Gratitude: The Simplest Tool for Increasing Your HappinessSeptember 1 , 2011

One of the most powerful scientifically-proven tools for increasing your happiness is to spend a few minutes each day focusing on what’s good in your life or what you can be grateful for.

The basic instructions are to spend 3-5 minutes each day writing down several good things in your life by asking yourself:

  • What went well today?
  • What are you grateful for?
  • What did you do right?
  • What’s good about your current circumstances?
  • What enabled you to have this wonderful experience/circumstance/etc.?

The power of this practice is that it actually reshapes the physical structure of your brain.  Neuroscientists have shown that how we focus our thoughts can directly alter the brain’s activity and structure — neurons that fire together, wire together.  So the more you consciously choose to focus on what is going well, the more your brain is trained to default to the positive.  A regular gratitude practice can change you in the short term – focusing on what is going right brings happiness — but it is even more powerful in the long term as the changes in your brain induce you to unconsciously look for the good.

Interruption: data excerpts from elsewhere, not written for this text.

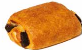
205742 PAIN AU CHOCOLAT ENTIÈREMENT CUIT FULLY-BAKED PAIN AU CHOCOLAT
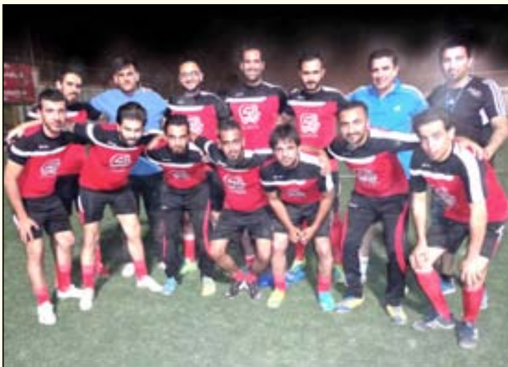
فريق المدى في بطولة (لبيك يا عراق)
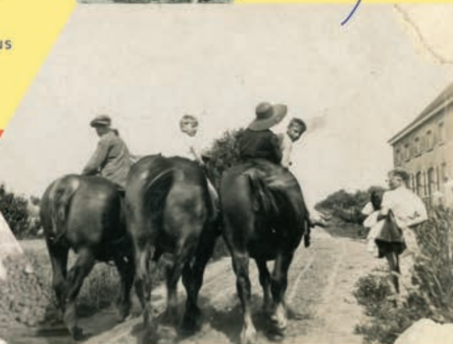
Collectie Willy Vanderberghe
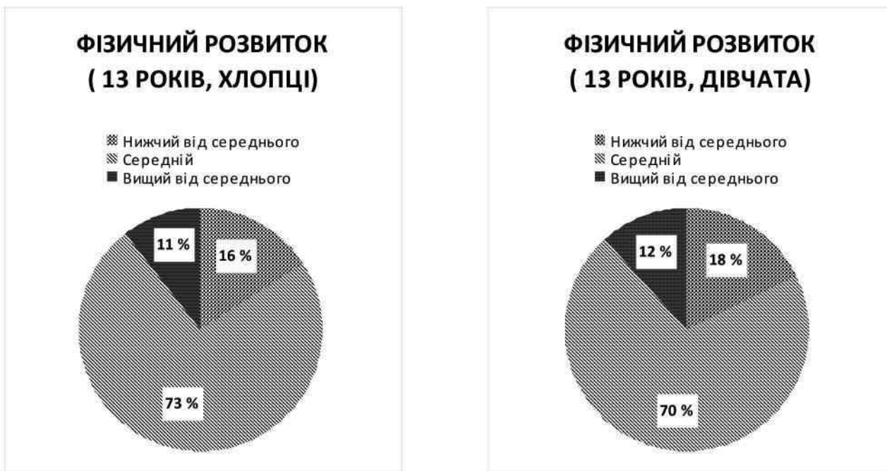
Рис. 4. Показники фізичного розвитку 13-річних дітей, що проживають у міській зоні
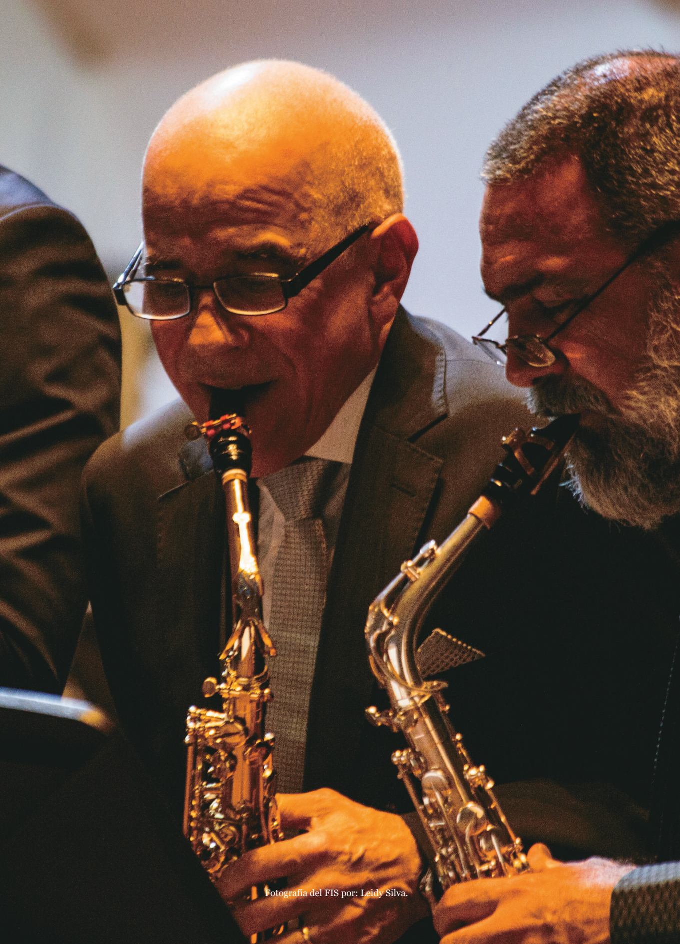
Fotografía del FIS por: Leidy Silva.
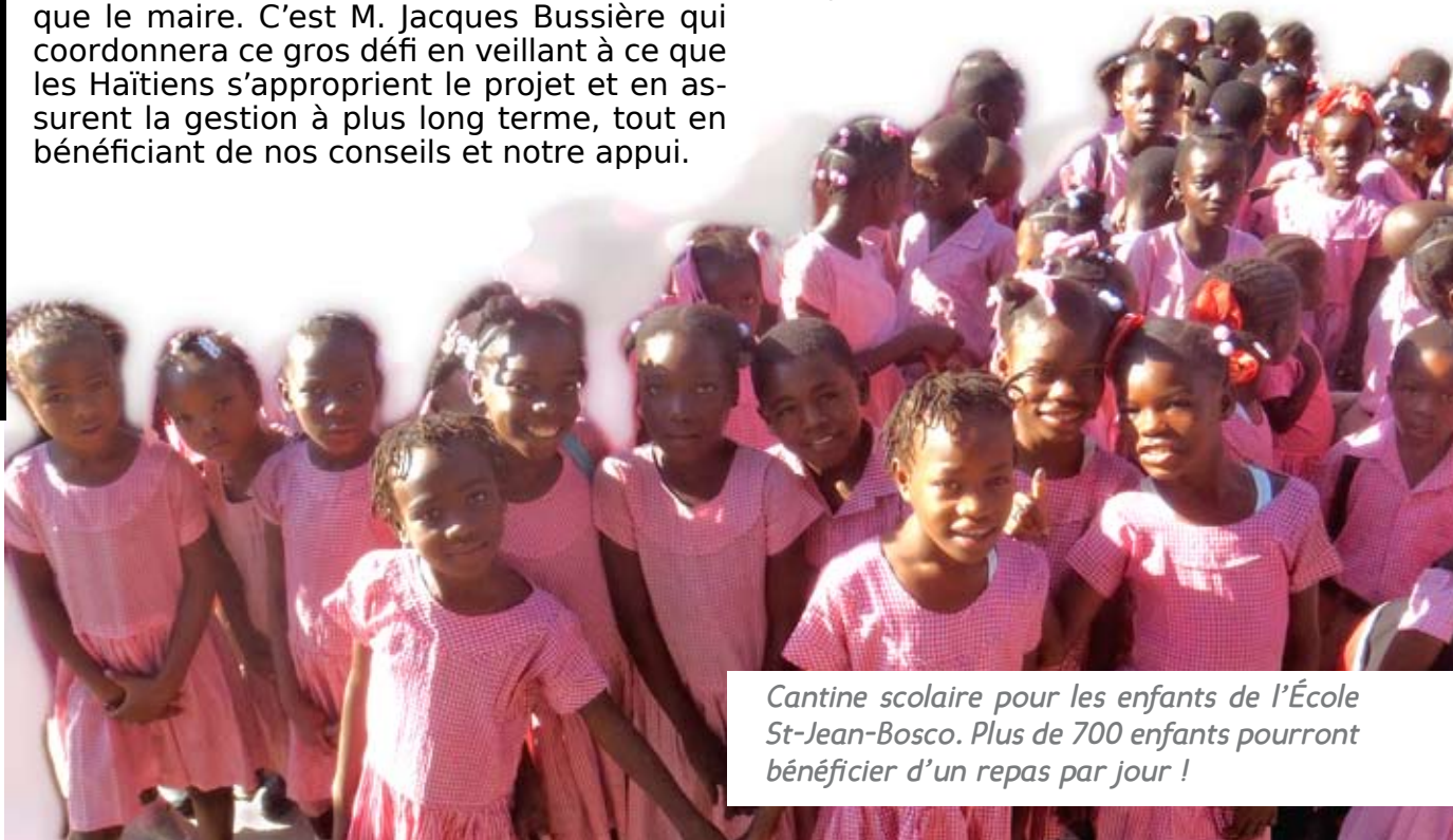
Cantine scolaire pour les enfants de l'École St-Jean-Bosco. Plus de 700 enfants pourront bénéficier d'un repas par jour !
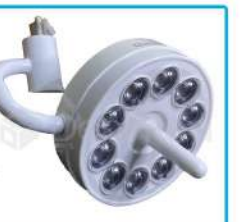
R-G 022 Lámpara 10 Led 50.000W
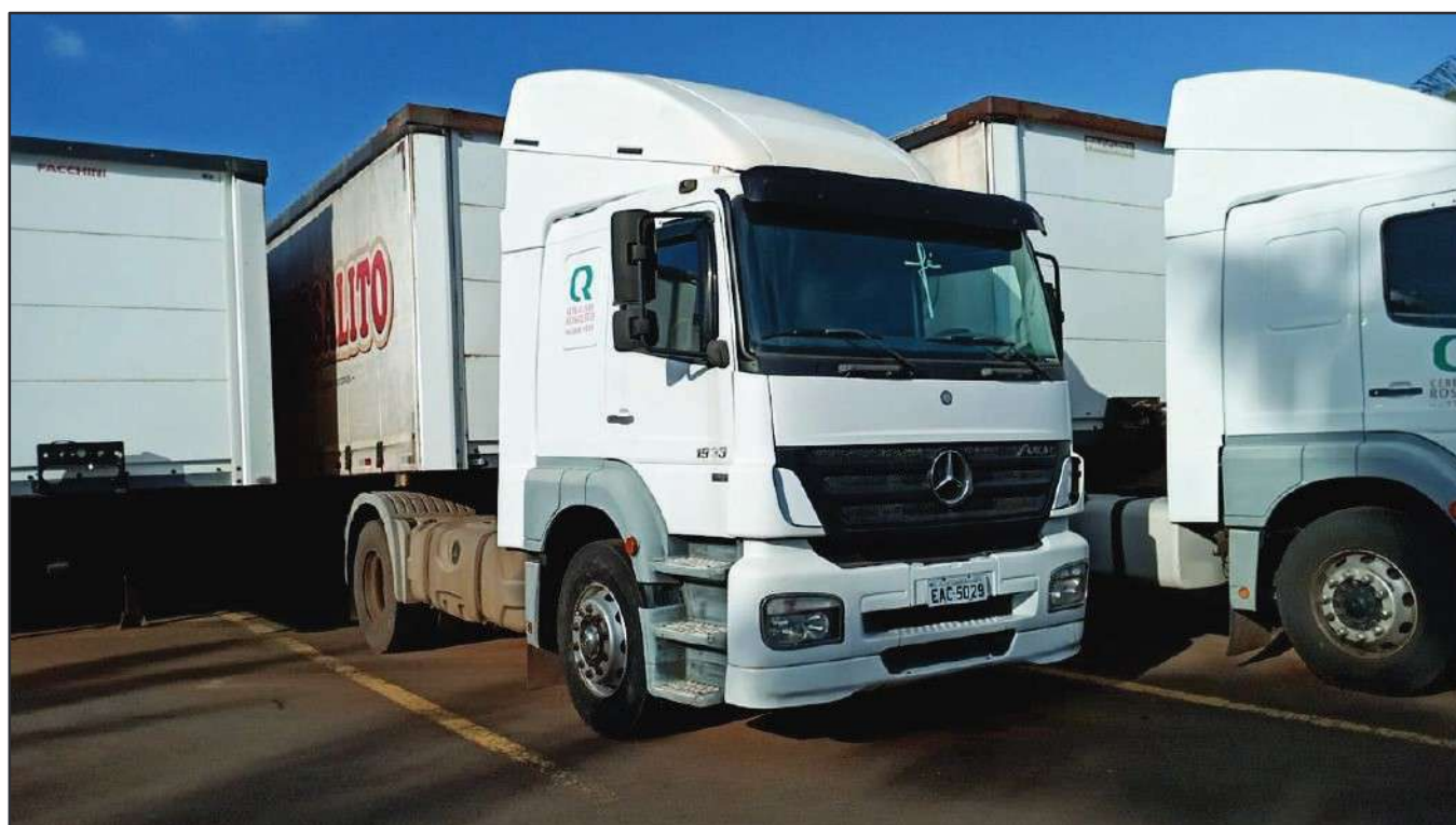
ITEM 025 - CAMINHÃO TOCO MERCEDES-BENZ AXOR 1933 S PLACA: EAC-5029
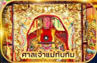
ศาลเจ้าแม่ทับทิม
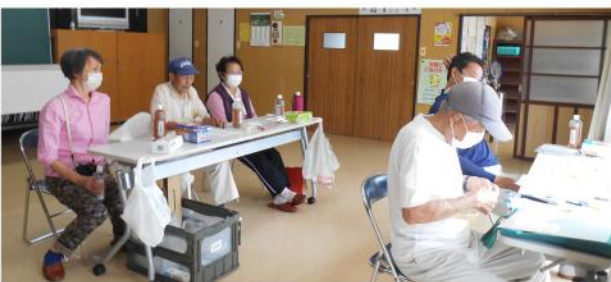
相談が出来る体制を整え

道行く人はまばらで、「住宅相談やっています」と声を掛けたりしましたが、相談者は訪れず、静かに時間が過ぎて行きました。
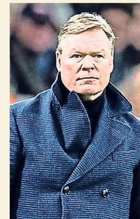
Ronald Koeman

Als geen ander beseft Jasper Cillessen dat Ronald Koeman door het oog van de naald is gekropen, nadat die hartproblemen kreeg. „Een of twee dagen daarvoor liep het bij een bekende van ons niet goed af. Hij was iets jonger dan mijn ouders, de trainer van mijn neef, die in het bos ging mountainbiken en dat helaas niet kan naverellen. Pluk de dag”, aldus Cillessen die net als veel andere internationals een whatsappbericht naar Koeman stuurde om hem sterkte en succes bij zijn herstel te wensen.
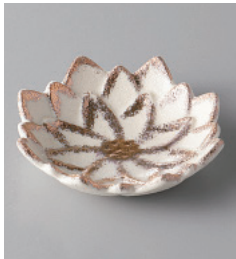
155-14-71H 780円 金たたきダリア珍味小皿 6.5×1.5cm
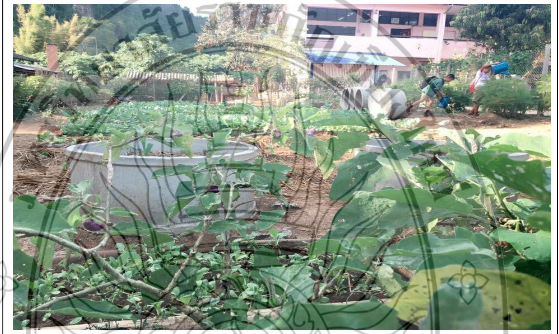
ภาพที่ 8 ผลผลิตโครงการวิจัย
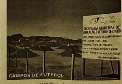
CAMPOS DE FUTEBOL

Dessa forma mais um bairro irá sair da poeira para ganhar definitivamente sua valorização. Outros projetos de asfaltamento em outros bairros já estão em fase final. Uma das promessas que já
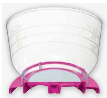
Конструкция воронки минимизирует количество остаточной жидкости и предотвращает прохождение образца мимо мембраны

Фильтрующие устройства EZ-Fit™ соответствуют международным стандартам (стандарты EP/USP/ISO) и удовлетворяют требованиям по проведению испытаний воды.
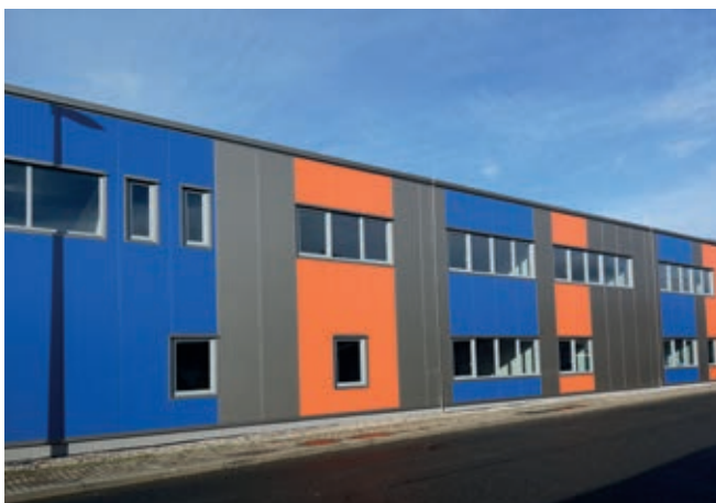
Opláštění haly JL Transport
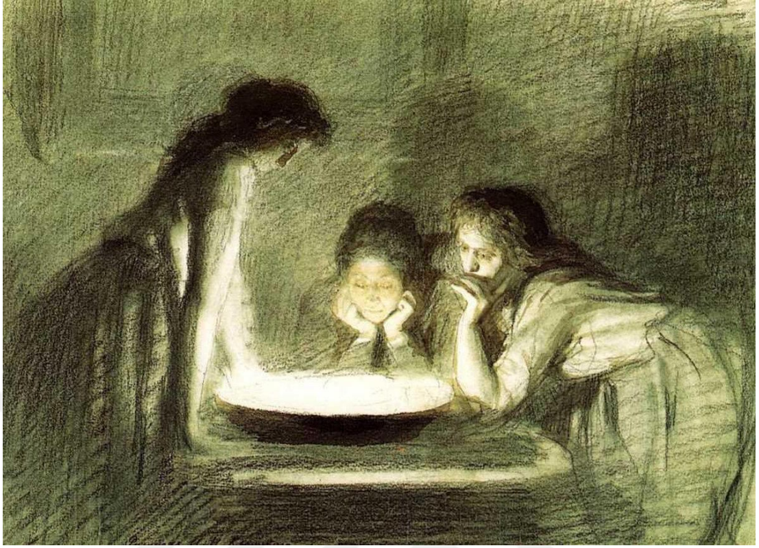
Ek 9. KÖZGÉ FALI /AYNA FALI
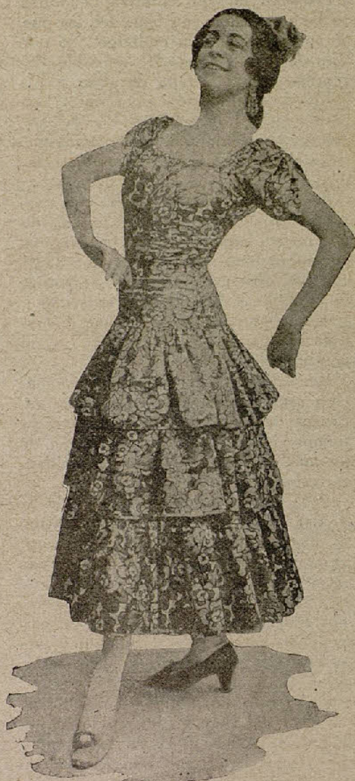
LA ARGENTINA que ha hecho una brillante campaña en el Teatro Lara

cia; con verdadera gracia, que es lo que debe exigirse al género. Se pasa un rato divertido; se ríe uno mucho, y luego no tiene uno que indignarse de haberse reído, porque nada hay que atente al arte, ni al idioma, ni al respeto que se debe al público y a los mismos artistas. En menos palabras: nada hay que pueda confundirse con el as-
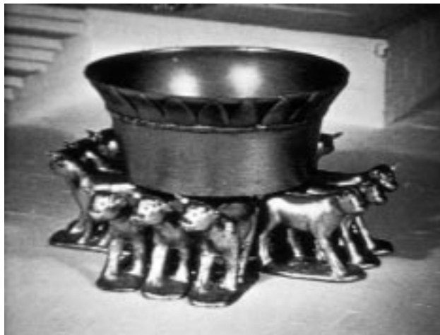
Бронзовый бассейн во дворе Храма – «медное море» (модель)

Тем самым Храм становится прообразом грядущей Вселенской Церкви.
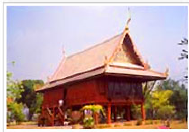
ภาพ 5 แสดงภาพลักษณะวัดภุมรินทร์กุฎีทอง
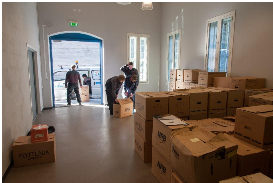
Smelteverksarkivet på veg inn i mottaksrommet i 2013.

Grovordning av smelteverksarkivet har pågått heilt til januar 2016, og alt materialet er no på plass i arkivmagasin. Det var viktig å få det vidare i systemet, for å frigje plass i mottaksrommet for nye mottak. Teikningsarkivet står framleis i mottaksrommet, då SINDARK ikkje har nok hyller for teikningar i magasin.
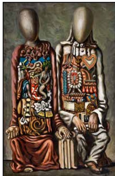
Manichini coloniali 1959

Per presentare al pubblico un importante nucleo composto da 19 di queste sculture, recentemente acquisite nella collezione permanente del MAGI'900, unitamente a
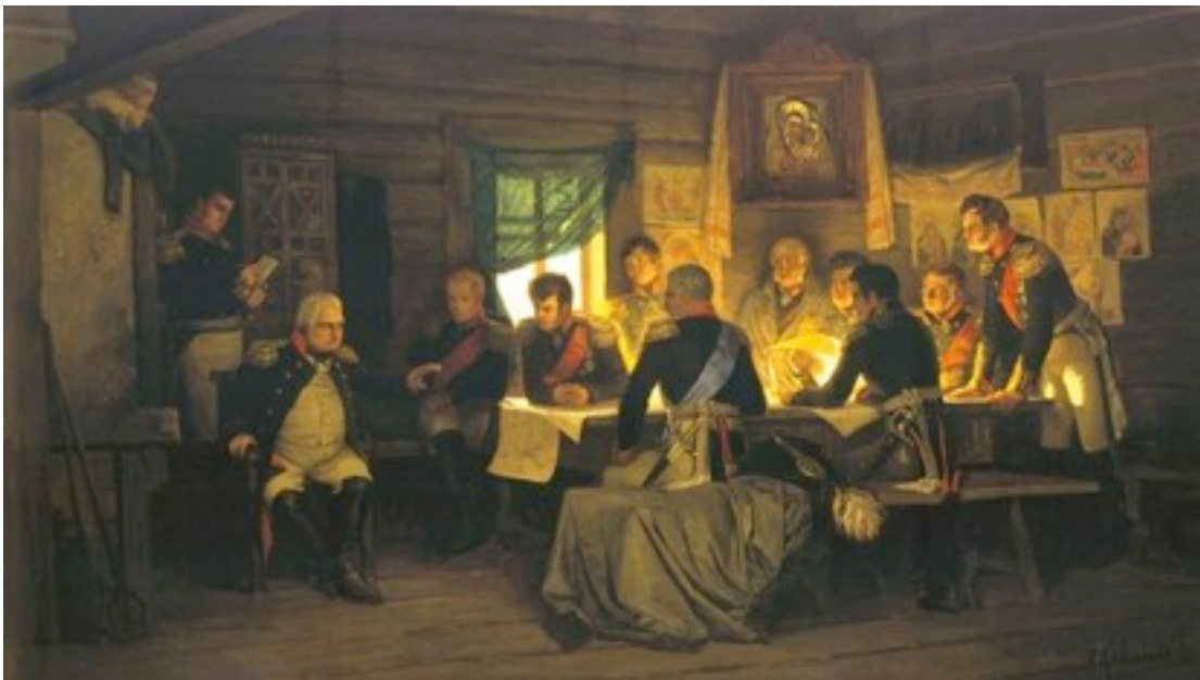
А.Д. Кившенко. Военный совет в Филях. 1880 г.

1 сентября 1812 г. в подмосковной деревне Фили произошло историческое совещание командующих русскими частями, на котором обсуждались дальнейшие действия русской армии.
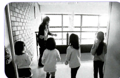
▲いよいよエッグハンティング・ゲームです。特別な「ゴールデン・エッグ」を見つけよう。
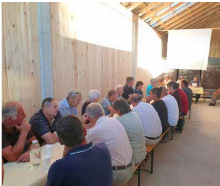
Občni zbor ZEKŽZ.

Po zaključku je potekala še predstavitev projekta iz programa razvo-
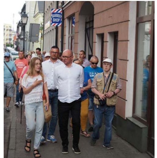
Spacer był okazją do zwiedzania, ale także do rozmów o mieście.
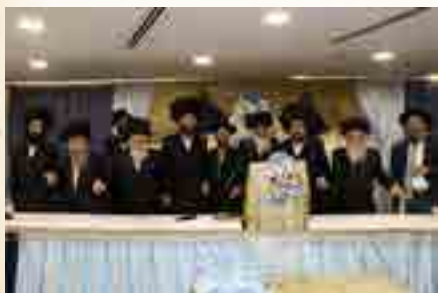
הרבנים שליט"א בריקוד של מצווה לגמרה של תורה

ויהי רצון שנוכה בקרוב לשמחה הגדול בבית הגואל, שיהיה אז ומלאה הארץ דעה את ה' כמים לים מכסים.
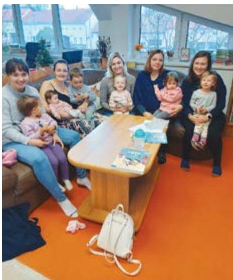
Setkání maminek a těch nejmenších
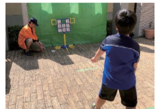
前年度納涼祭でのゲームコーナー

例年8月に開催している納涼祭について、役員会で企画を進めていましたが、新型コロナウイルスの感染防止を考慮すべきとの意見が多く出され、祭りは中止し、代わりにプライベートカードを会員に配ろうという結論に至りました。マスクや除菌グッズなど、各々が予防のために必要とするものを購入して頂いたほうが良いと考えたからです。令和2年11月に全世帯に配布しました。来年度は、自治会の行事が実施出来ることを願っています。
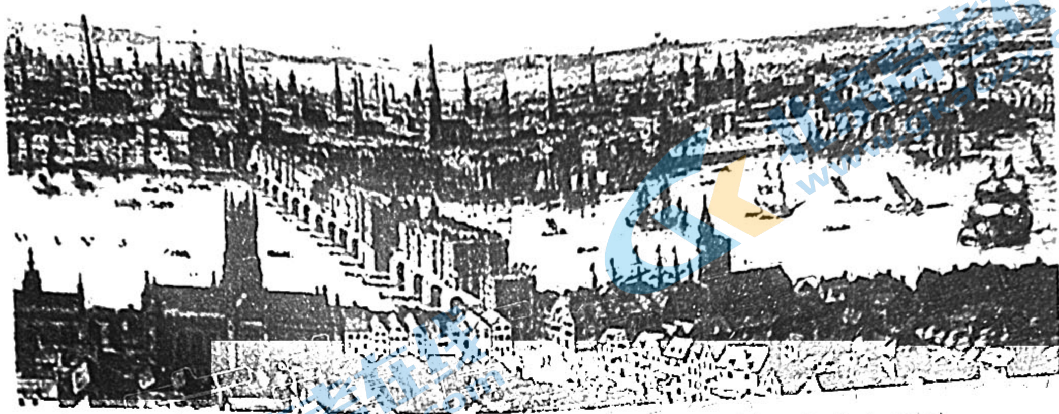
图 5: 1600 年的伦敦港(木版画)

图片说明: 16 世纪末, 伦敦港是世界贸易新轴线的中心。此前英国开展了一系列探险活动。佛朗西斯·德雷克甚至攻击了运载香料的葡萄牙大帆船及满载黄金白银从美洲返航的西班牙帆船, 并作了第二次环球航行。“商人冒险家”和船主利用发达的大西洋贸易给伦敦港提供了好机会。莫斯科维公司、皇家贸易公司、东印度公司、弗吉尼亚公司为第一个不列颠殖民帝国奠定了基础。

For some more detail on this practice I turn to Robert Emmons a top gratitude researcher from UC Davis.  It comes from his book, ‘Thanks!’:

“You begin by cataloging, each day, gratitude-inspiring events.  It does not matter whether you begin each day journaling or make your list the last thing you do at the end of the day.  There is no one right way to do it.  You don’t need to buy a fancy personal journal to record your entries in, or worry about spelling or grammar.  The important thing is to establish the daily habit of paying attention to gratitude-inspiring events; a daily regimen is what is required.”

“It may be discouraging at first; sometimes your list will seem impoverished.  Corroborating ancient wisdom, though, through research I have found that becoming aware of one’s blessings actually leads to having more to be grateful about.  As our perceptual focus becomes sharpened, we are more likely to notice blessings where before we saw curses.  We start to no longer take things for granted.  We begin to be grateful for the ability to feel gratitude.  The spiral grows. The important thing is to get started wherever you are, even if the only item on your list is “nothing bad happened today.”

As you develop this as a practice, you can get more benefit by giving yourself the time to open up to these positive feelings as you jot them down.  Review what it felt like when this good thing happened.  Try to make those positive facts into positive experiences.  Savor those successes, the lucky breaks and the kindnesses of others.  You can also shake up the practice over time to help keep it fresh.  Focus on different questions or apply the questions to different parts of your life for a week.  Give yourself this small gift every day and it can make a huge difference in the amount of positive emotions you feel in your life.